START Dataset entries
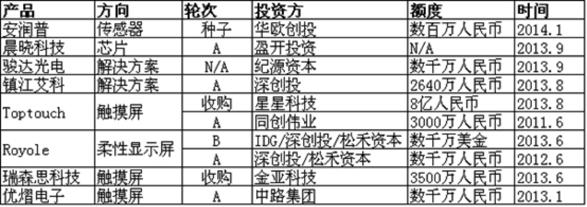 由于上市公司在技術(shù)和市場方面的相對壟斷,國內(nèi)上游產(chǎn)業(yè)在一級市場的表現(xiàn)相對不活躍,根據(jù)公開數(shù)據(jù)統(tǒng)計,總共發(fā)生8起投資事件,基本發(fā)生在2013年,最大投資來自星星科技8億收購觸摸屏廠商Toptouch,隨著可穿戴設(shè)備的不斷高速發(fā)展,上游產(chǎn)業(yè)也會出現(xiàn)更多擁有核心技術(shù)的創(chuàng)業(yè)公司。
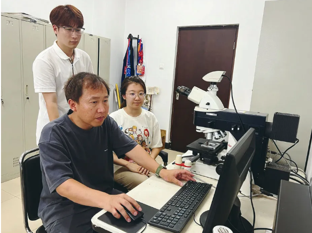 ▲ 张敏(左一)指导员工进行金相实验 受访者供图
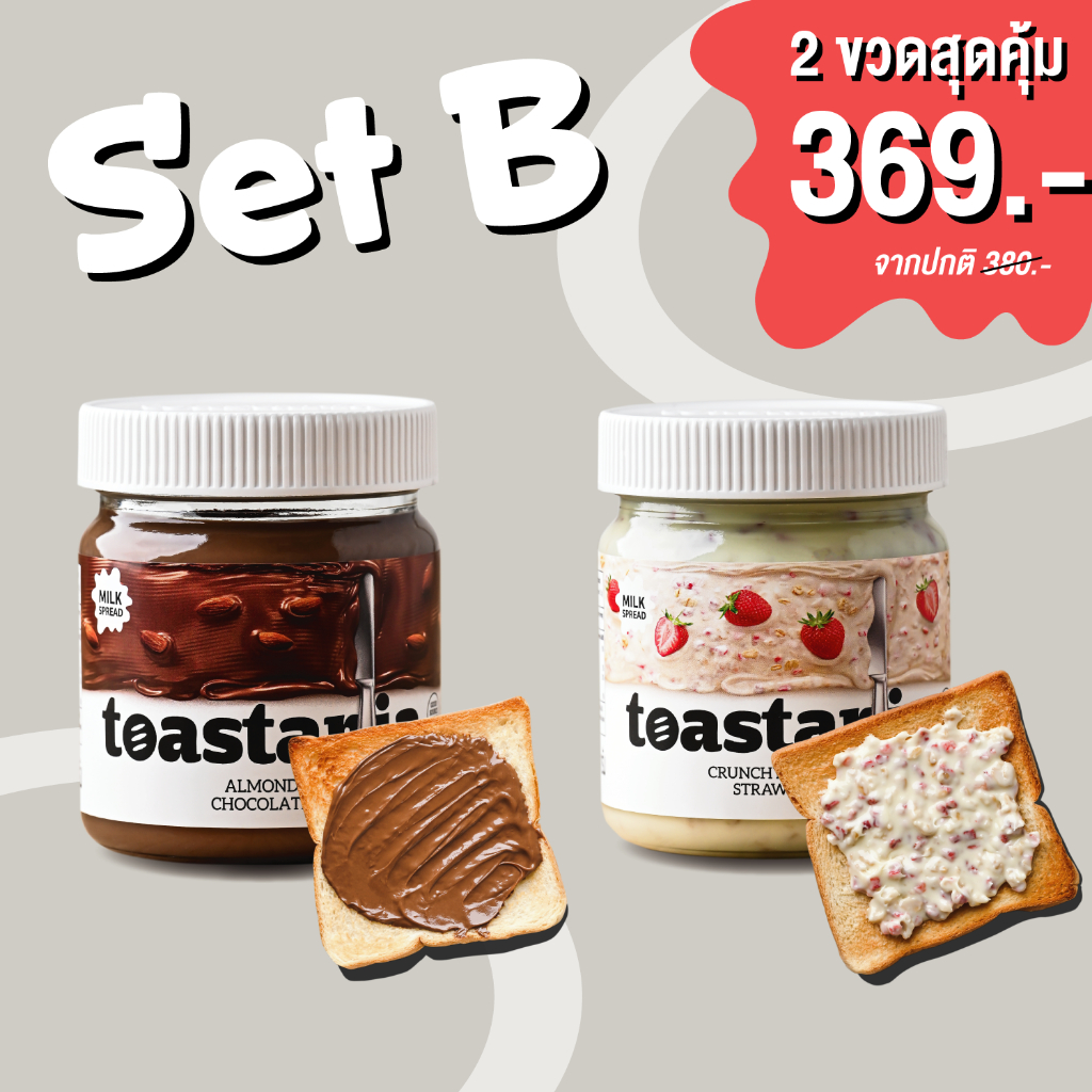 (แพ็คคู่คุ้มกว่า) Set B Toastaria Milk Spread Crunchy Granola สเปรดไม่เติมน้ำตาล 2 ขวด x 200g (โทสทาเรีย แยม ทาขนมปัง)
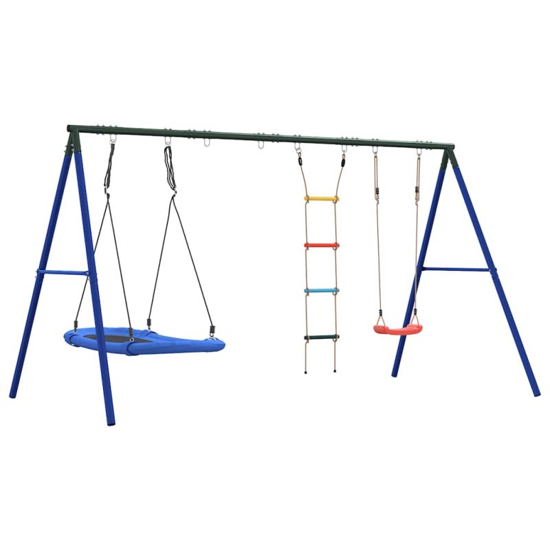 Превърнете градината си в детска площадка за вашите деца с тази външна люлка! Център за забавни занимания: Този комплект детски люлки разполага с 3 различни опции за игра със седалка люлка, стълба за катерене и овална люлка гнездо. Така децата могат да се люлеят и катерят до насита.Издръжлива метална рамка: Тази рамка за люлка е изработена от боядисани стоманени тръби, които са устойчиви на ръжда, изключително здрави и устойчиви на деформация, осигурявайки отлична стабилност и издръжливост. А-образната структура предлага здрава опора без никакво колебание.Регулируема седалка за люлка: Тази градинска люлка е проектирана да расте с вашето дете, което я прави подходяща както за малки, така и за подрастващи деца. Чрез регулиране на дължината на въжето можете лесно да се приспособите към променящите се нужди на вашето дете.Многофункционални играчки за открито за деца: Тази градинска люлка помага на децата да подобрят своя баланс, координация, ловкост, сила и издръжливост, като същевременно предоставя различни начини за игра и упражнения.Широки приложения: Тази рамка за люлка може да се постави на различни места като градини, задни дворове, детски градини, детски площадки и др. Добре е да се знае:С оглед на безопасността всяка люлка трябва да се използва само от едно дете. Предупреждение. Не е подходящ за деца под 3 години. Само за домашна употреба. GPSR
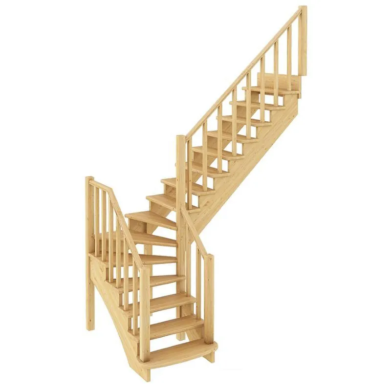 Ступени и поручень лестницы изготовлены из ясеня, остальные элементы из сосны.
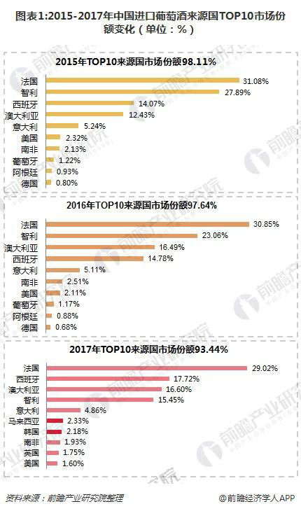 根據(jù)2017中國進(jìn)口葡萄酒貿(mào)易數(shù)據(jù),TOP10來源國市場份額從2015年的98.11%降至2017年的93.45%,進(jìn)口來源國繼續(xù)邁向多元化。法國占比繼續(xù)下降,澳大利亞、西班牙延續(xù)上升勢頭,葡萄牙、阿根廷前十地位被擠占。值得注意的是,新晉前十的馬來西亞、韓國、英國葡萄酒進(jìn)口量從無到有,直接碾壓葡萄牙、阿根廷,躍居第六、七大來源國。
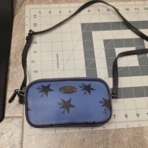 The Coach Zipper Mini Bag in blue is a stylish crossbody bag featuring stars, a zip closure, and an adjustable strap for comfort. Made of coated canvas with leather accents, this mini bag is perfect for women looking for a chic and trendy accessory. The bag also includes additional features and is part of the Coach product line, making it a reliable and fashionable choice for any outfit.
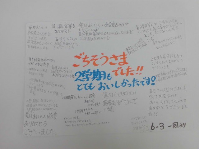 2学期最後の給食です。クリスマスを意識して、とり手羽元の骨つき肉を甘辛く煮ました。ほろほろと肉が骨からとれるくらいに良く煮ました。
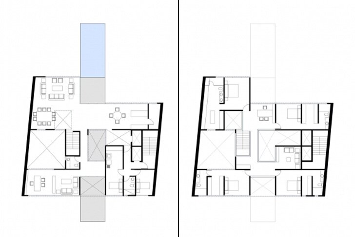 Этот 20-этажный, площадью 12223 квадратных метров элитной жилой башни раздвигает границы традиционной жилой башни путем включения больших внешних пространств.
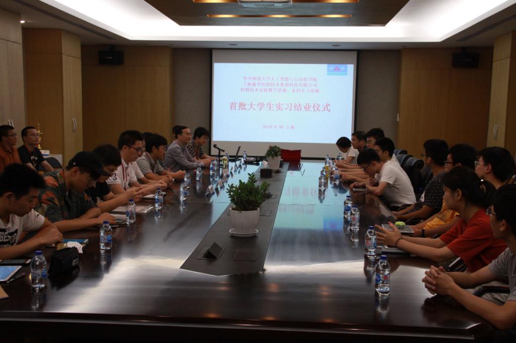8月30日下午,新华科技公司举行了德赢官网Vwin,德赢AC米兰官网首批大学生实习结业仪式,公司执行副总陈光远先生为每个同学颁发结业证书,为大家留下永恒的记忆。在总结中,陈光远副总对实习工作给予了充分的肯定,对华科大学生的学习和动手能力大加赞赏,表达了加快推进合作指导本科毕业设计和工程硕士的强烈愿望。陈曦老师代表实习指导老师进行了总结发言,用“生活上过得安全舒适、工作上学的全面充实、成果上收获信心希望”三句话对实习工作进行了总结,特别对新华科技为本次生产实习提供的舒适生活环境和细致后勤保障服务进行了感谢。新华科技公司安排了火车接站、免费宿舍和免费餐食、丰盛的接待宴会,周末休闲旅行、专车接送服务等工作,事无巨细,细致入微,保障了本次实习的安全圆满的完成。最后,同学们围绕关注的自动化控制行业发展、新华控制未来展望、毕业生待遇、技术人员发展规划的问题进行了提问,新华科技各级领导都进行了详尽的解答,并表示热烈欢迎华科大的学生来新华发展。
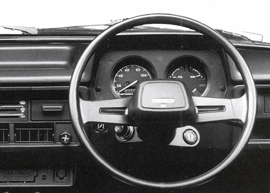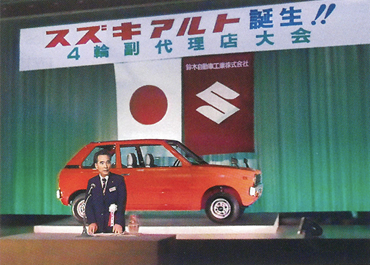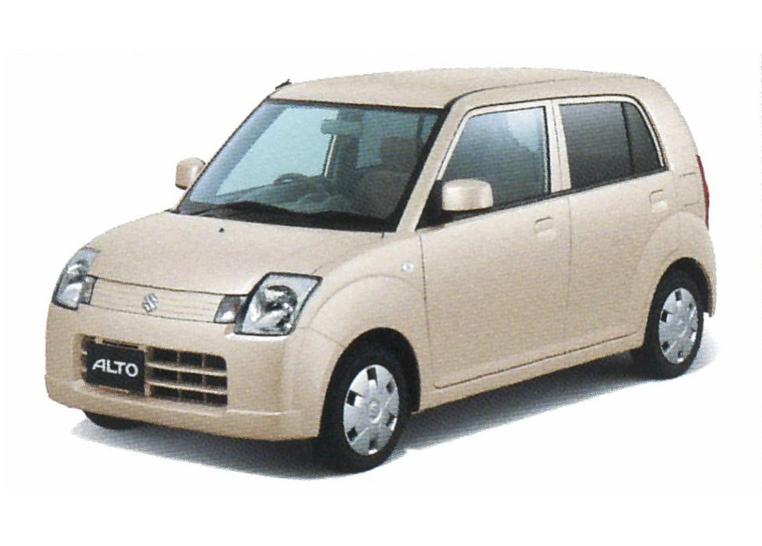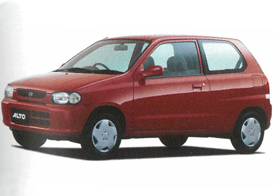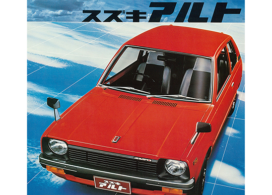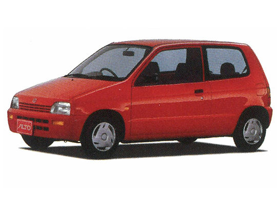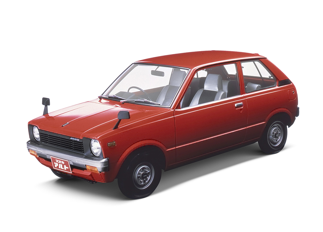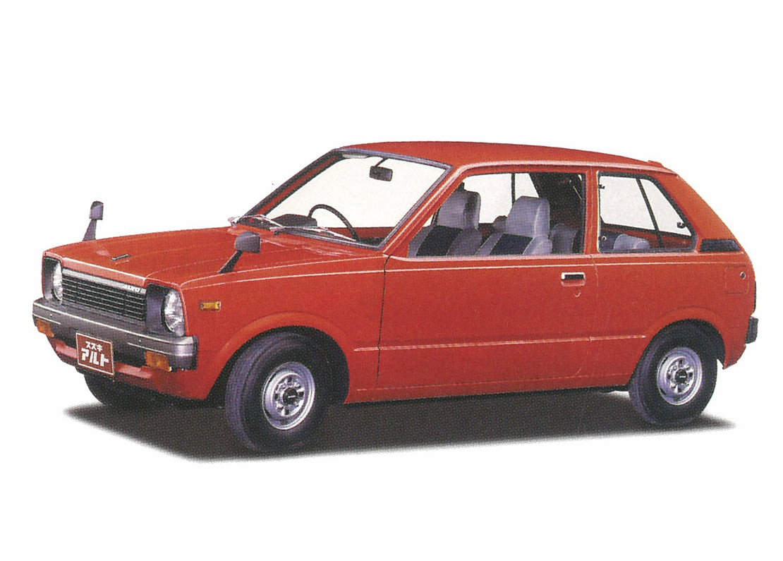 В мае 1979 г. компания Suzuki выпустила Alto – двухместный переднеприводный минивэн, оснащённый 2-тактным 3-цилиндровым двигателем. Suzuki Alto был намеренно предложен в одной базовой комплектации, чтобы минимизировать различия в оснащении и, тем самым, снизить затраты. Автомобиль был доступен исключительно с механической коробкой передач и в стандартном исполнении включал только отопитель. Дополнительное оборудование, такое как прикуриватели или радиоприёмник, предлагалось в качестве дополнительной опции. Оснащение модели также было минимальным: в автомобиле была установлена простая цельная пластиковая приборная панель; для усиления спинки заднего сиденья использовались фанерные панели; бамперы были изготовлены из стали и окрашены в серый цвет для снижения затрат; стеклоомыватели были не моторизованными, а приводились в действие ручным насосом; там, где на дверях можно было обойтись без отделки, были установлены окрашенные металлические панели, а замочные скважины для дверных замков устанавливались только на водительской двери. Благодаря упрощению процесса проектирования, используя практичные решения, Suzuki удалось сохранить низкую стоимость Alto.
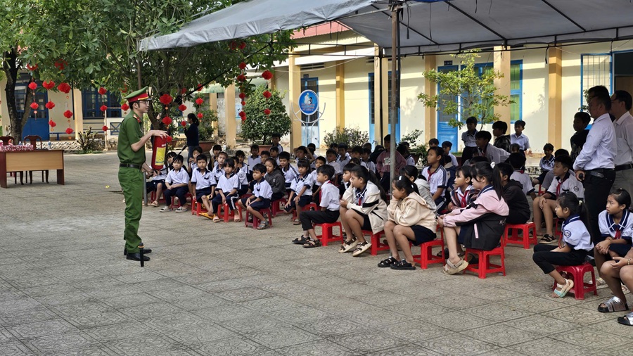 Công an xã Trà Tân tuyên truyền về pháo tự chế cho học sinh
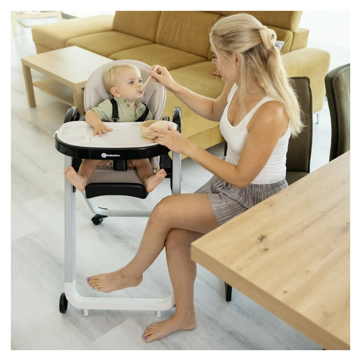 Scaunul de masa Petite&Mars Tasty este conceput pentru a face ora mesei mai usoara si mai confortabila pentru copil.
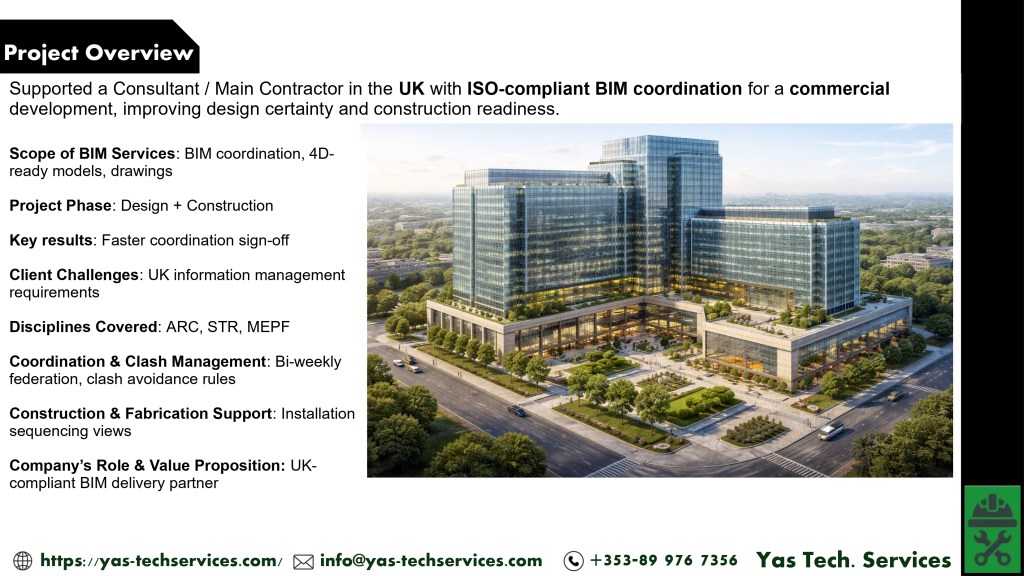 - Acted as a UK-compliant BIM delivery partner, ensuring adherence to ISO 19650 requirements.
END Dataset entries
Starting with the first line of the data above and ending with the line containing "(แพ็คคู่คุ้มกว่า) Set B", please restate every line exactly, leaving images out.

Solution to the exercise |
 由于上市公司在技術(shù)和市場方面的相對壟斷,國內(nèi)上游產(chǎn)業(yè)在一級市場的表現(xiàn)相對不活躍,根據(jù)公開數(shù)據(jù)統(tǒng)計,總共發(fā)生8起投資事件,基本發(fā)生在2013年,最大投資來自星星科技8億收購觸摸屏廠商Toptouch,隨著可穿戴設(shè)備的不斷高速發(fā)展,上游產(chǎn)業(yè)也會出現(xiàn)更多擁有核心技術(shù)的創(chuàng)業(yè)公司。
 ▲ 张敏(左一)指导员工进行金相实验 受访者供图
 (แพ็คคู่คุ้มกว่า) Set B Toastaria Milk Spread Crunchy Granola สเปรดไม่เติมน้ำตาล 2 ขวด x 200g (โทสทาเรีย แยม ทาขนมปัง)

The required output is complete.